In football, he led the team in scoring (1940), passing (1939–40) and rushing (1940–41); captained the team in 1941 – when they finished the season ranked #4 – and was a two-time All-Southwest Conference (SWC) selection in 1940 and 1941.

In baseball, he played on three SWC championship teams (1939–41) (before the college world series/NCAA Division I Baseball Championship existed) and in 1941 led the conference in hitting and made All-SWC.

In 1961 he was admitted to the University of Texas Hall of Honor.

==Professional career==
Layden was drafted by the New York Giants in the 14th round of the 1942 NFL Draft. He instead went to serve U.S. Army Air Corps for four years during World War II.

He started his professional baseball career in 1946, moving up the major leagues with the St. Louis Browns for part of the 1948 season. He spent part of the season after that with the San Antonio Missions.

He then moved to football, playing 2 years with the New York Yankees of the AAFC, a challenger to the NFL that was partially absorbed by the NFL. During that time he played with fellow former Longhorn, and future Hall of Famer, Tom Landry and helped the team to the playoffs in 1949.

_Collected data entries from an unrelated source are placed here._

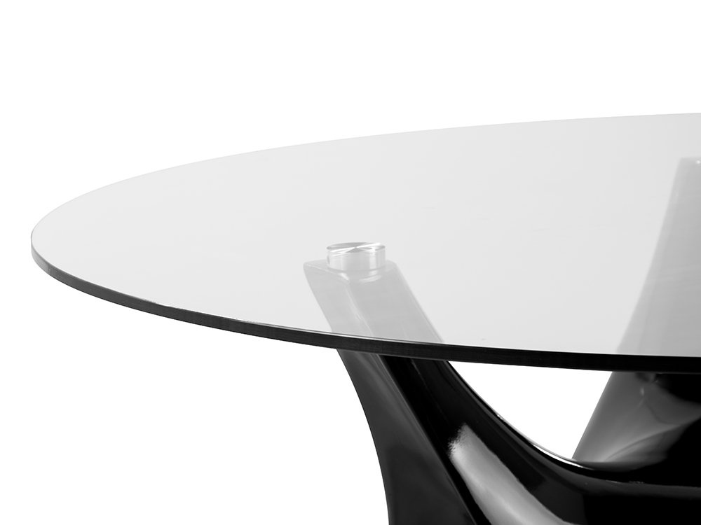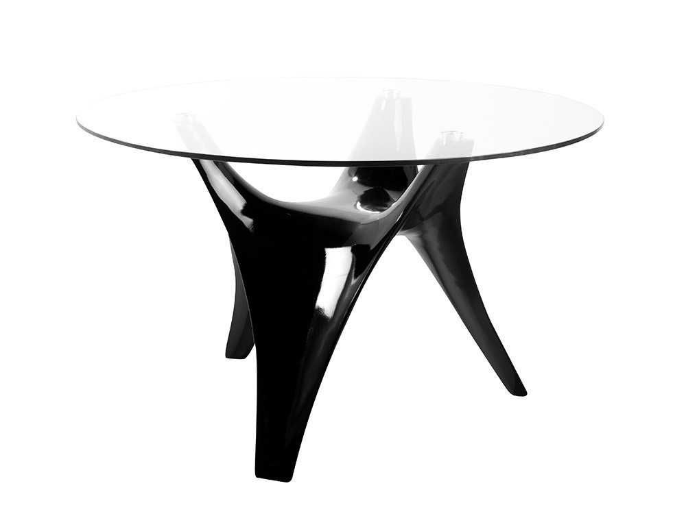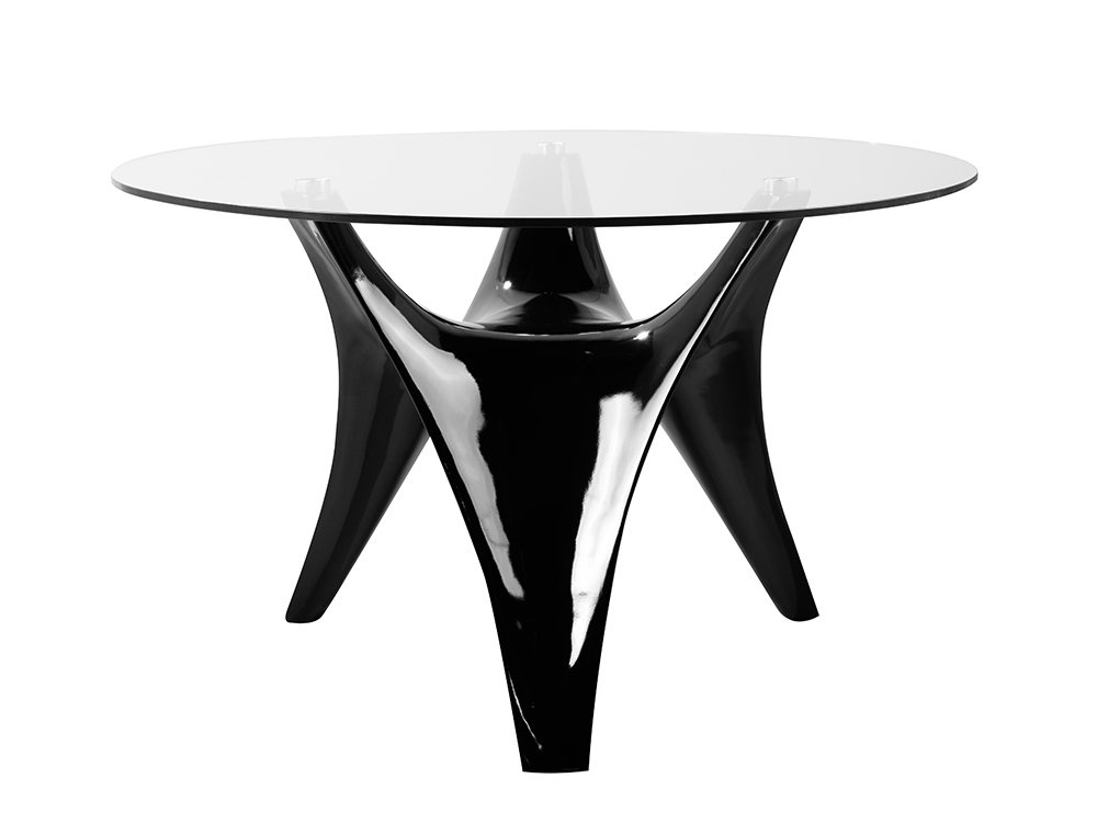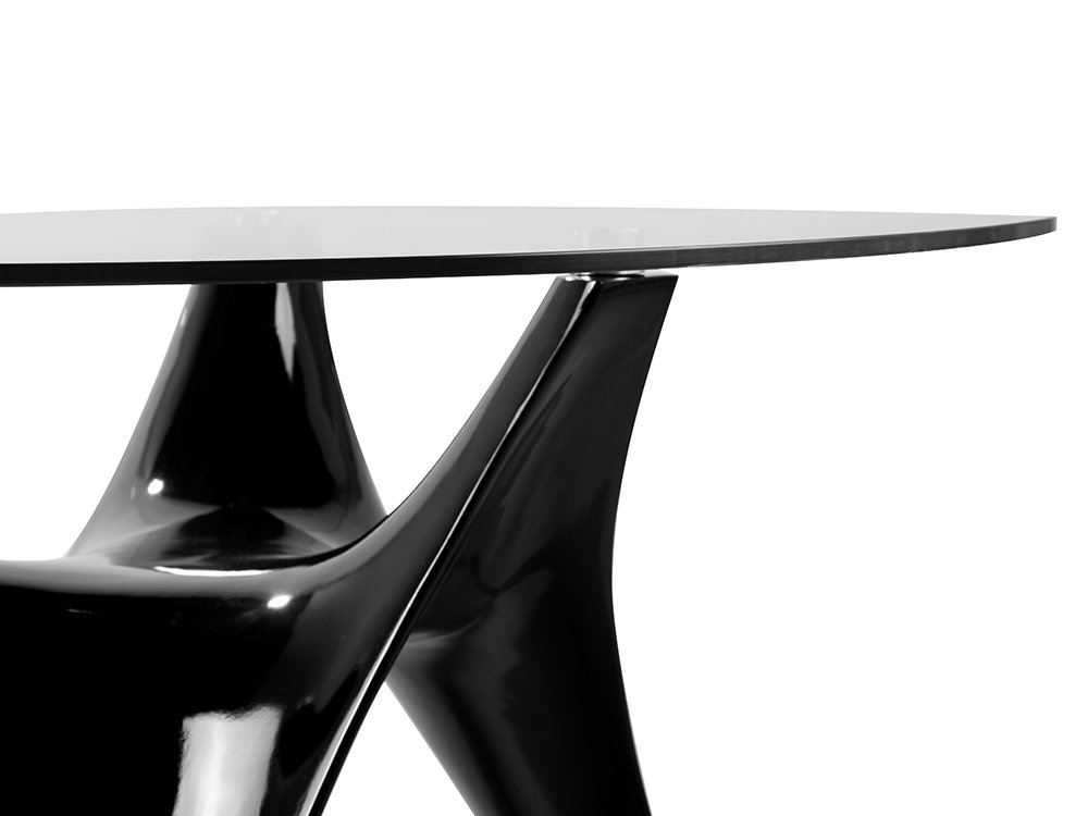 - Designerski stół który doskonale uzupełni wnętrze nowoczesnego salonu czy jadalni. Okrągły, transparentny blat osadzono na czarnej, błyszczącej podstawie tworząc wyjątkowy efekt.
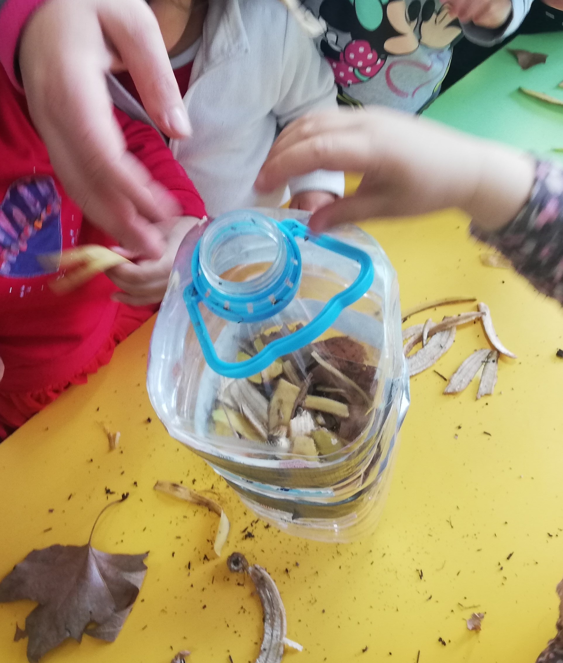 Además, este curso, siguiendo la propuesta de 0 desperdicio del huerto, realizamos una compostera para el aula de naturaleza en la que ellos pueden ir visualizando el proceso de descomposición de la materia orgánica.
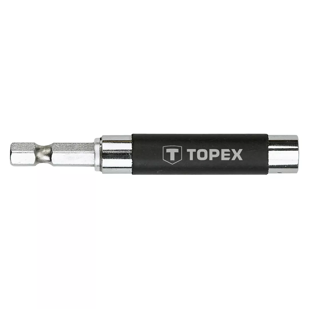 Uchwyt do końcówek TOPEX (nr ref. 39D337) o długości 80 mm przeznaczony do wkrętarek i wiertarko-wkrętarek z końcówką w rozmiarze 1/4”. Posiada mocowanie magnetyczne i prowadnicę. Marka TOPEX skierowana jest do majsterkowiczów.
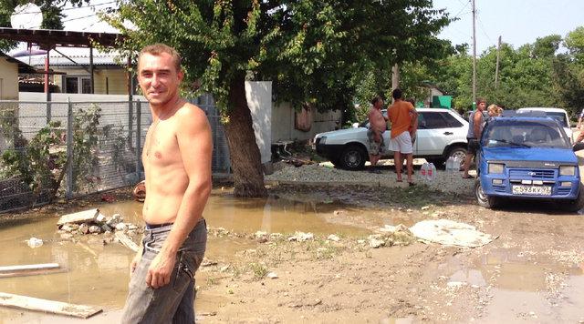В ту ночь он был в Новороссийске, а дома осталась его беременная на 2 месяце жена и две дочки, старшей из которых лет 12. Первый раз жена позвонила ему, когда вода была почти под потолком, чтобы попрощаться с ним. Как он сказал, всего для этой цели она звонила три раза - представляете - три раза за ночь человек прощался со всей своей семьей. Он сразу выехал домой, но пробраться в город было невозможно, полиция на въезде сказала ему "ну попробуй как-нибудь аккуратненько". Он разговаривал со мной, улыбаясь, потому что его семье удалось спастись - жена каким-то чудом смогла открыть люк на чердак и втащить туда детей - старшая девочка чуть не утонула. Он потерял все имущество и весь дом, осталась только машина. Он очень хотел, чтобы люди знали о том, что происходит, потому что власти многое замалчивали. На центральной площади одного парня, по его словам, скрутили и чуть не зарезали казаки за то, что тот снимал происходящее на камеру.
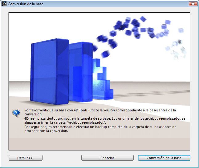 Los cambios estructurales realizados a nivel del motor de la base de datos de 4D a partir de las versiones 11 y 12 necesitan una conversión en profundidad de la estructura y de los datos de las bases anteriores. Por seguridad, este asistente efectúa una copia de la base de origen antes de la conversión de manera que pueda devolver la operación en cualquier momento.
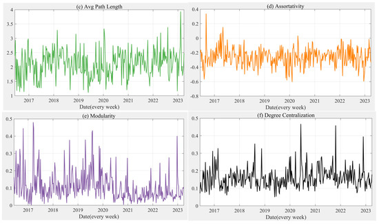 Network-level indicators of overall tail risk spillover characteristics: (a) Density; (b) Average clustering coefficient; (c) Average path length; (d) Assortativity; (e) Modularity; (f) Degree centralization.
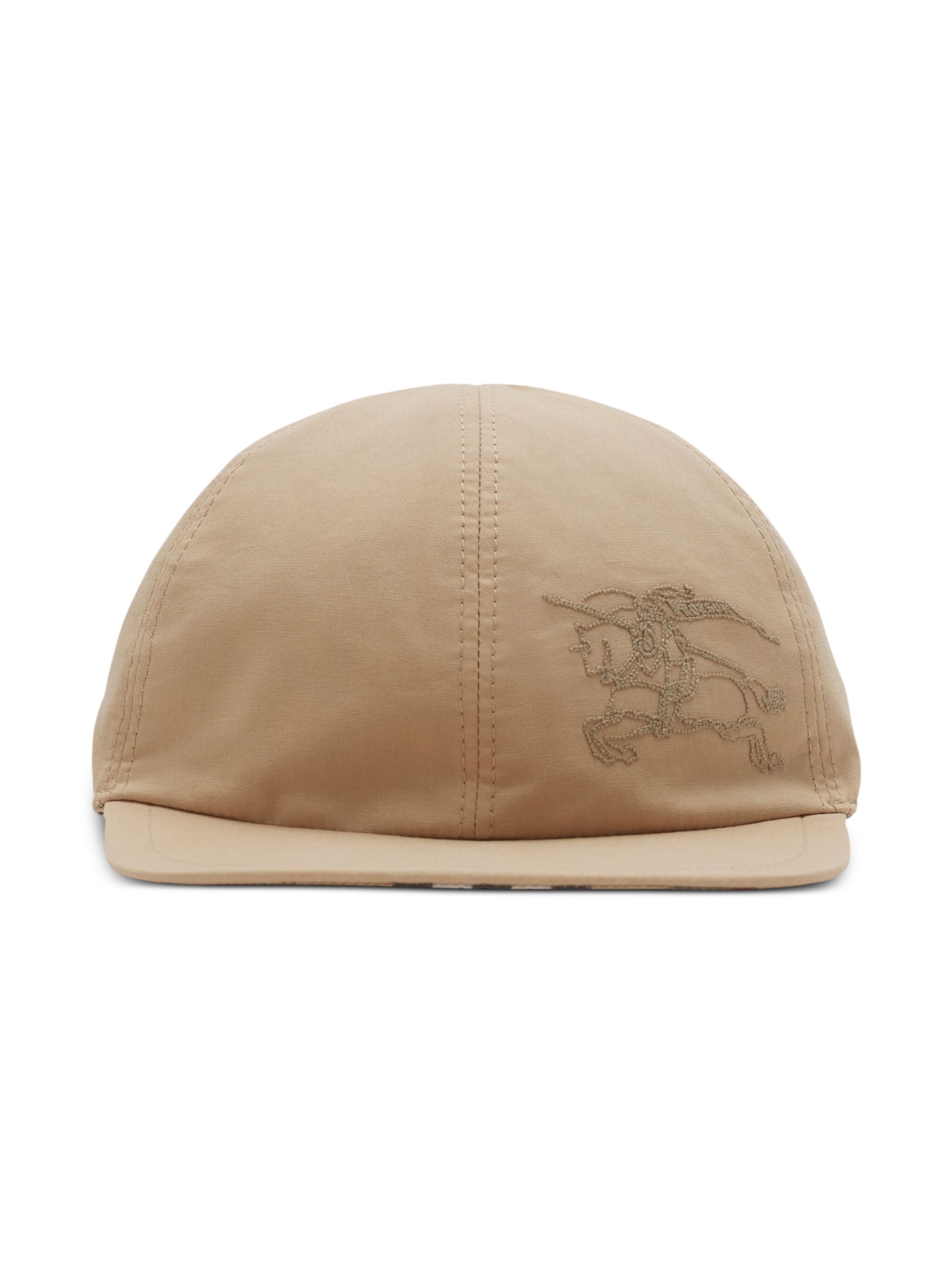 sand beige cotton check pattern round crown flat peak signature Equestrian Knight motif reversible
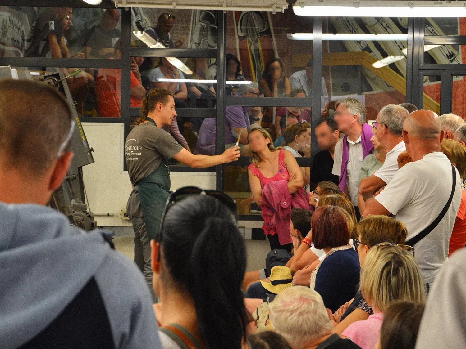 Im ersten Teil, sitzend in einem klimatisierten Amphitheater, erfahren Sie mehr über die Geschichte des Laguiole-Messers, über „echte Fälschungen“, das Schärfen… (mit Fragerunde). Im zweiten Teil gehen Sie in die Werkstatt, wo ein Messermacher vor Ihren Augen den Griff eines Laguiole-Messers formt. Ganzjährig, Montag bis Samstag: Führungen zu folgenden Zeiten: 11:00 Uhr – 14:30 Uhr – 15:45 Uhr – 17:00 Uhr (für Sonntage und Feiertage kontaktieren Sie uns bitte).Mit mehr als 10 Erwachsenen: vollständige Führung durch beide Teile. Mit weniger als 10 Erwachsenen: Führung + Video. Mit weniger als 6 Erwachsenen: nur Video.
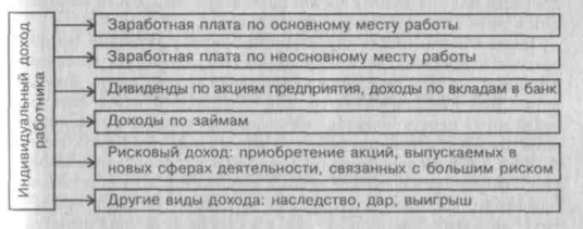 Для наемного работника заработная плата служит основным источником его дохода. Кроме заработной платы индивидуальный доход работника включает в себя и другие составляющие (дивиденды по акциям предприятия, доходы по вкладам в банк, доходы по займам и другие виды доходов).
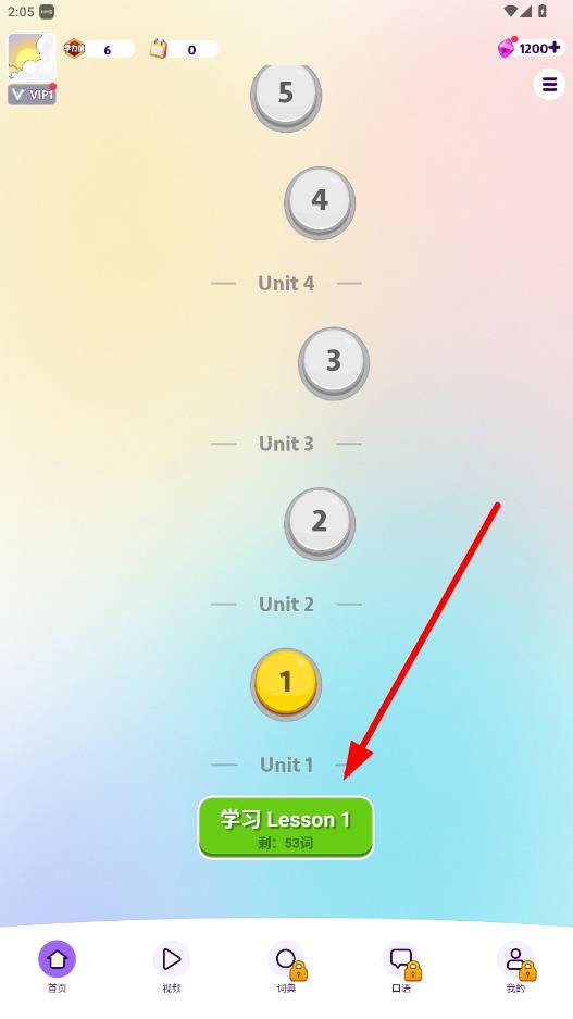 1、打开傻瓜英语app,在课程界面点击学习Lesson1按钮开始学习。
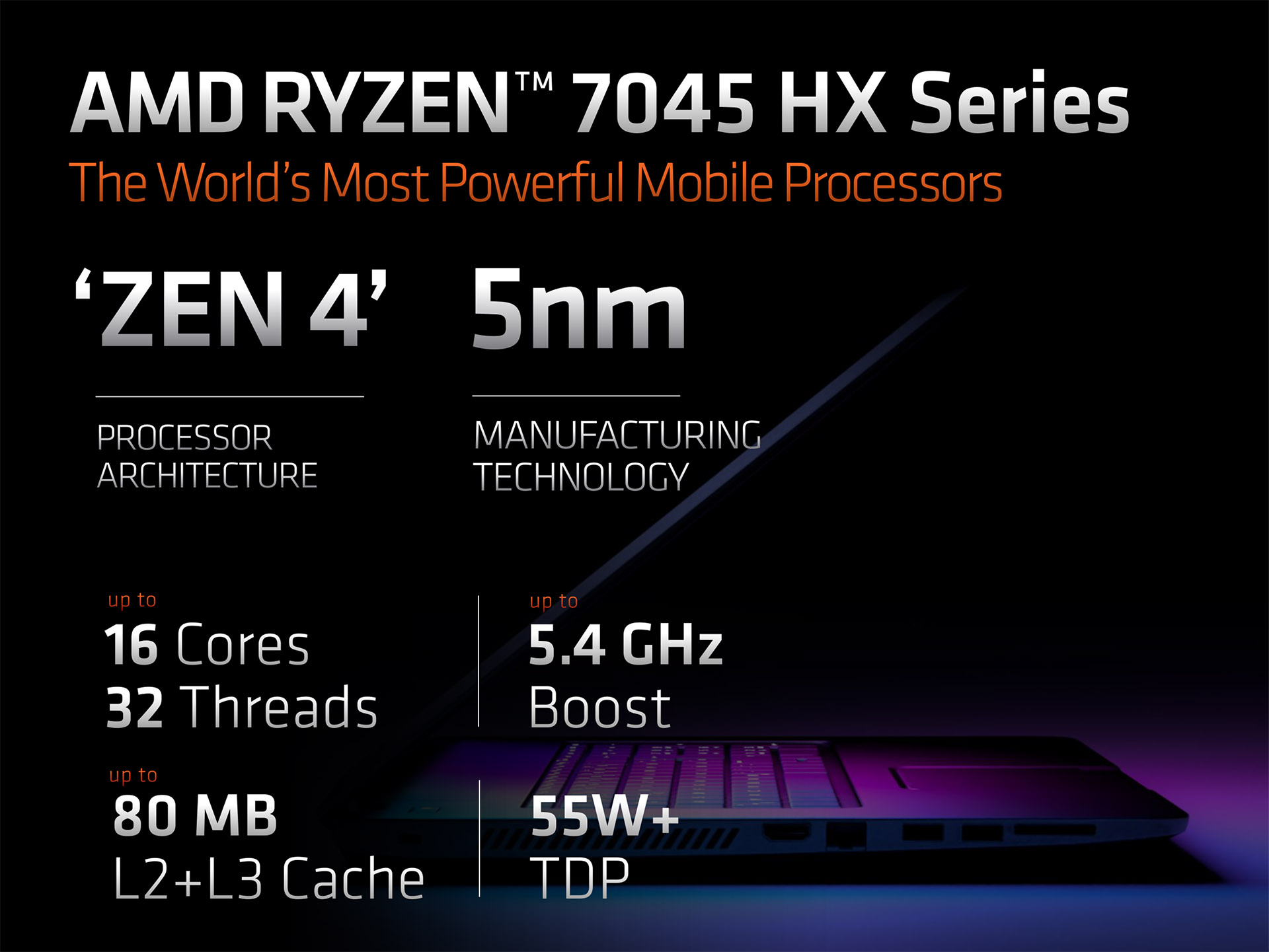 AMD announced their 7045 HX Series of Mobile Processors at CES 2023 and the specification sounded almost too good to be true. The top-of-the-line Ryzen 9 7945HX promised 16 cores, 32 threads, heaps of cache and up to 5.4GHz Boost speed. That sounds like a regular Ryzen 9 7950X with a TDP of a mere 55W which is surely impossible and something we have to see for ourselves.

In 1950, the Yankees merged with the New York Bulldogs and became the NFL's New York Yanks and Layden played his last games with them, after moving to Left Defensive Halfback.

==Later life==
Layden became a rancher in Jackson County, Texas. During that time he spent 10 years as a county commissioner.

He died in his sleep at his home at age 62, apparently from a heart attack, and is buried at the Layden Family Cemetery in Edna, Texas.